Home prices, sales remain steady

Local Realtors hopeful market has bottomed out

The federal tax credits for first-time and move-up buyers created somewhat of a buying frenzy leading up to the April 30 deadline for signing a purchasing agreement on a home.

Many worried that home sales would stagnate when the credits expired; however, while sales did drop off a bit in May, local Realtors say that summer sales have remained steady.

“We did see a lull right after the tax credit went away — the same thing happened when the last homebuyer credit expired (in September 2009). The lucky thing this time is that it expired in the spring, which is traditionally a busy season,” said Realtor Joanna Darmanin of Century 21 Town & Country in Royal Oak. “Most people I’ve worked with that didn’t make the deadline were disappointed, but they are still looking to buy a house; they’re just taking more time searching now.”

Realtor Brian Powers of Keller Williams Macomb-St. Clair Market Center in Chesterfield agreed: “If the sole reason someone bought a house was the tax credit, that would be crazy. If they were in the market in April and didn’t find a house before the deadline, they’re still looking — there’s still a decent amount of buying activity going on.”

According to Realtor David Reese of Real Estate One in Troy, available home listing inventories continue to decline, with the amount of inventory on the market at a two-year low as of the end of July.

“If the trend of declining inventory continues and banks continue to slowly release listings of distressed homes, rather than flood the market with excess inventory, home prices will continue to stabilize,” said Kelly Sweeney, CEO of Coldwell Banker Weir Manuel Realtors in Birmingham, noting that inventory is now at about half of what it was three-four years ago — around 30,000 — and is getting closer to a healthy market of 20,000.

The Realtors agree: Homes priced under $150,000 are starting to see slight increases in value compared to last year, depending on the neighborhood; most moderately priced homes’ values — $150,000-300,000 — are starting to stabilize, as are homes priced under $500,000 in more affluent communities; prices of luxury homes, however, are still seeing declines, Sweeney noted, as it’s a limited market and many appraisals are subject to bank regulations and often done by appraisers who are not from the area and don’t understand the nuances of the local market.

“The market here in Southeast Michigan has bottomed out and stabilized, for now, but the looming shadow inventory of bank-owned properties that are not listed for sale right now has the potential to threaten the supply and demand equilibrium and can drive home prices right back down,” said Powers.

The economy coming out of recession, and more specifically, the creation of jobs will also influence whether the market continues to stabilize or begins to decline again.

The good news, both Reese and Sweeney noted, is that home sales in Michigan, which has one of the most severely impacted housing markets in the nation, actually experienced a much less severe decline than other states after the tax credits expired.

“We’ve been feeling the market stabilize for over a year now as inventory continues to decline, but you’ve got to be careful in Michigan — you hear about all the foreclosures that haven’t hit the market yet, and everyone’s waiting for a second wave,” Sweeney said.

However, he noted, that because the market in Michigan crashed a couple of years before the rest of the nation and subprime mortgages are not the main reason for foreclosures here — job loss is — Michigan likely will not feel the impact as much as other states.

Another market trend that shows signs of the local market stabilizing is sales of traditional homes, not just foreclosures and short sales, are increasing.

“Sellers who gave up on trying to sell their home six-12 months ago might be surprised at the changes that have taken place in the market since they last tried to sell.

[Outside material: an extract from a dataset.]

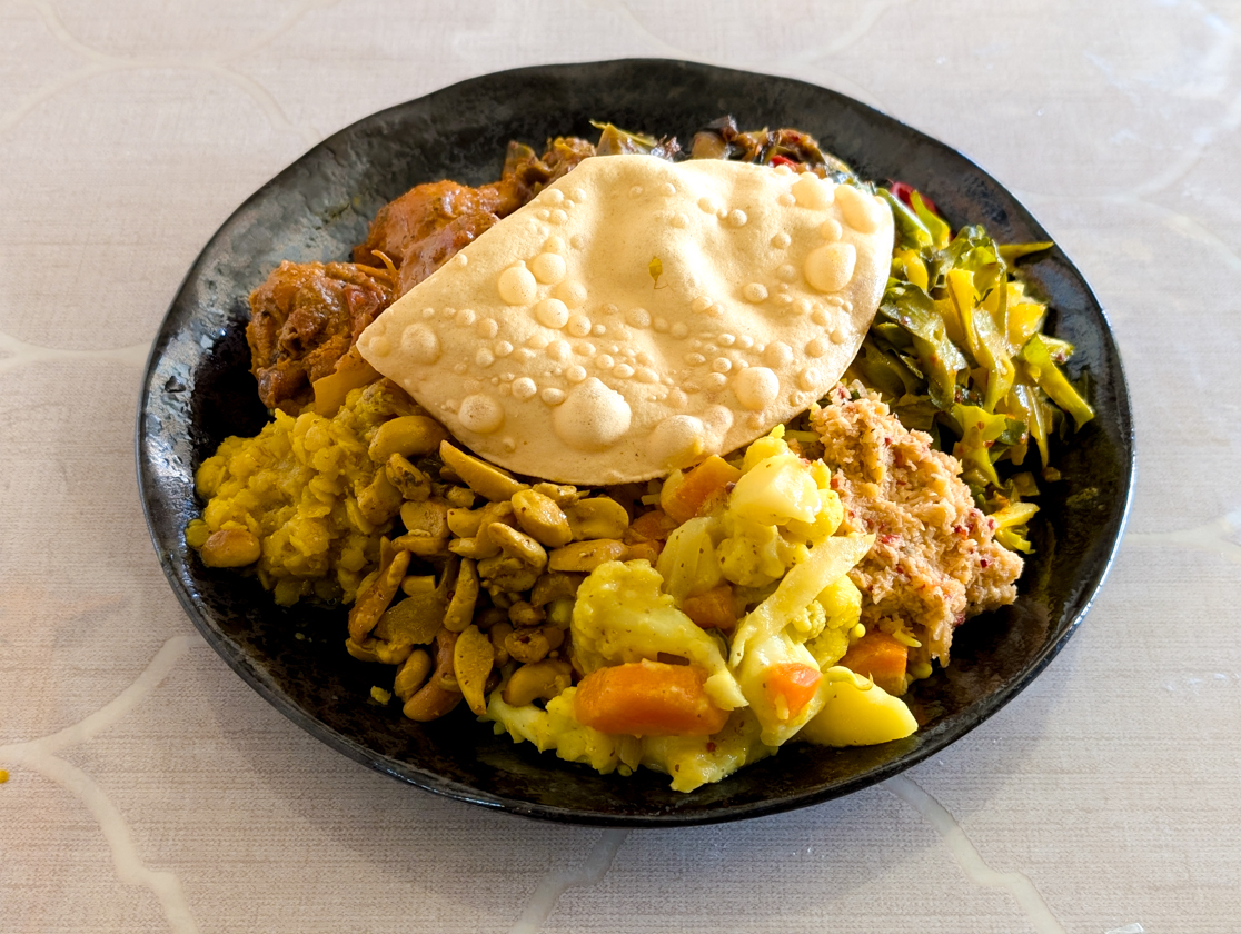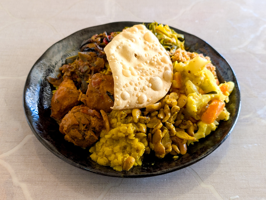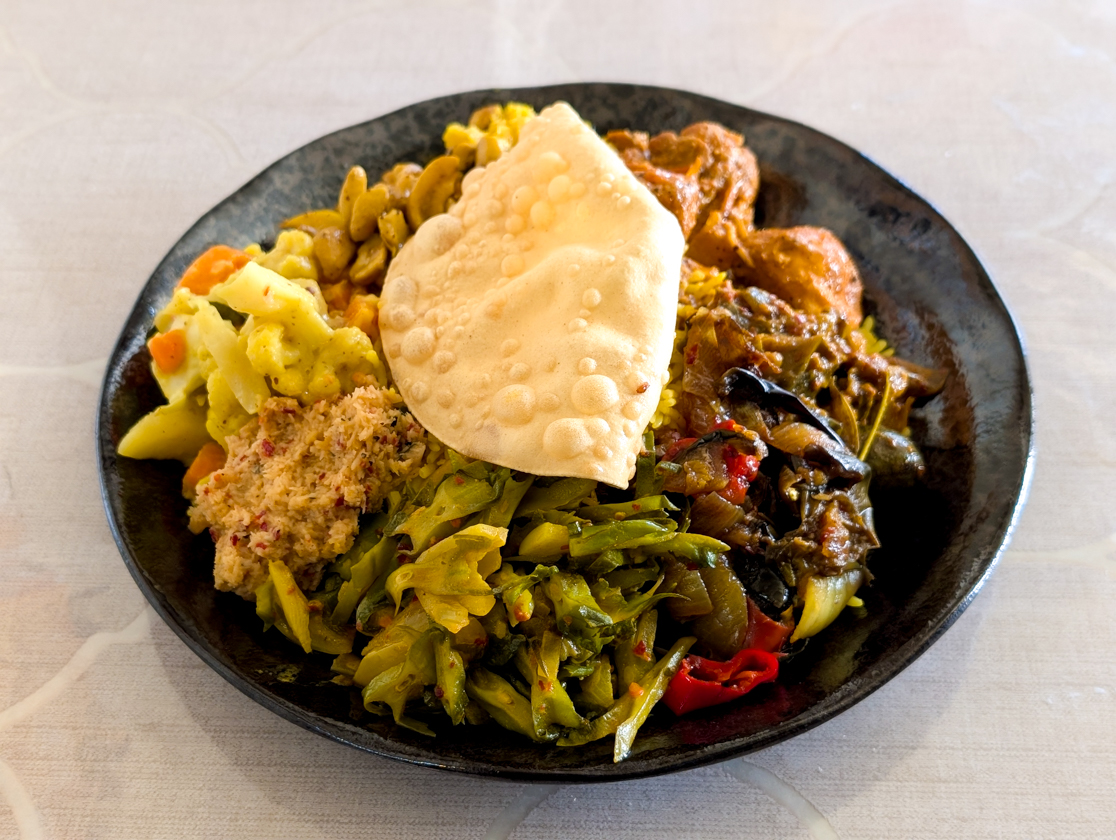 こちらはスリランカの国民食「ライス アンド カレー」。スリランカではスパイスなどで煮込んだ料理全般をカレーと呼ぶそうで、いわゆる日本のカレーとは別物。にんじんやナス、ダンバラなどの野菜のカレーや、ダルカレー、チキンカレー、ココナッツサンバルなどがライス(薄焼き煎餅のパパドの下にたっぷりのライスがあります)を囲むように盛り付けられています。(あまりにいろんなカレーが盛られているので、いろんな方向から写真を撮ってみました!ぜひ、スライドしてご覧ください。笑)

It is definitely worth another look to contact a Realtor and get a market analysis of their home to see if it makes sense to try and sell,” said Powers.

“The traditional seller is still in the mix, but they have to be realistic in their pricing,” Darmanin said. “With buyers, the first thing out of their mouth is, ‘I want a great deal,’ and the first thing sellers say is, ‘I’m not giving it away.”

To compete, however, traditional sellers have to be savvy in pricing their home, mirroring what the banks are doing and pricing their homes competitively so that they get interest — and hopefully, multiple offers — from several buyers.

“Less than half the inventory on the market is from traditional sellers, so it’s a very limited market. There are also fewer buyers, making the market more balanced for traditional sellers. … That’s not to say prices are going up, but clearly, those houses in good condition that are priced right are selling quickly,” said Sweeney, noting that many buyers are finding that they aren’t necessarily the best deal.

“The perception among many buyers is that the best deals are with the foreclosed properties. Sometime it is, sometimes it isn’t,” Powers said.

There are myriad reasons why buyers are avoiding distressed properties: In short, many are in poor condition; due to third party approval, it takes much longer for a sale to go through; purchase agreements can be accepted then declined basically upon the bank’s whim; and offers above the listing price require the buyer to make up the difference in cash.

To that end, it’s important for buyers to work with an agent who understands the dynamics of the distressed market and who will relay that information so that buyers can make an informed decision they will not regret later.